They stated that troops were coming home ( to the hurricane area) kinda true, kinda not. They are coming home but they are still doing their jobs, they arent with their families.

#5, Ohhhh Paahhhhleeeeeze!!!!!!! She is so far up his butt that I dont trust anything she says. Can you? Really? What is she gonna say , ahh yup, its because they were black. I am not saying that is was racial, I am saying that she

will not admit it one way or the other.

#6 proof? Where is the actuall proof to back this up? Not saying it may not be true, just asking for the proof. There is far too much hearsay running around.


----------



## justaboutgeese (Sep 5, 2005)

Michael More ---Just how many helicopters did you think were needed ??? Only so many can fly safely in the limited air space over a city. Compound that by the fact that all fly towards a central location. The other areas are being well serviced with their current assets so it can only be expected that this is another opportunity to make a stupid asinine statement to grab another headline. Rev Jessy Jackson and Mikey should get together then it would be easier to ignore the ludicrous statements from both of them.


----------



## OhHorsePee (Sep 5, 2005)

Rabbitfizz, if you were the president and the mayor told you he had everything arranged for evacuation procedures. Should you have to stand behind him and watch over his shoulder? Or should you be able to trust in that person?

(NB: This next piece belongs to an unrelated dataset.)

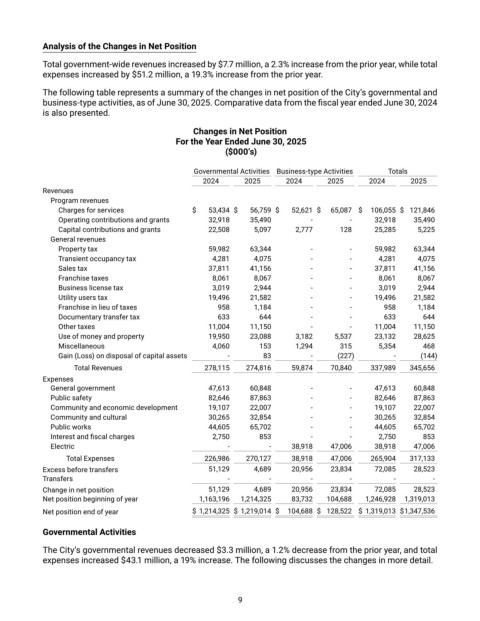 The following table represents a summary of the changes in net position of the City’s governmental and
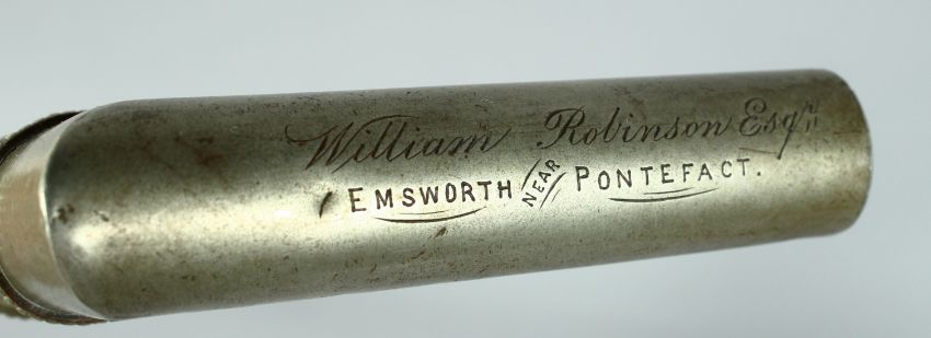 A VICTORIAN TWISTED BRIAR WALKING STICK with plate handle engraved 'William Robinson Esq. Emsworth, Near Portsmouth'.

The news reporters were planted in the cities prior to Katrina hitting. They covered lived footage that I am sure a lot of people have seen. That is how they were there to report so soon. There was on reporter (Shepard) that gave blow by blow accounts as the hurricaine was starting to come in. He even showed people drinking in the streets still as it was approaching.

If they would have sent the Army or any extra help in prior to the hurricain then there would have been more lives lost or those people themselves would have needed rescuing. Nothing could have stopped the hurricaine. I for one would not want to see my president placed in harms way which he does to himself time and time again.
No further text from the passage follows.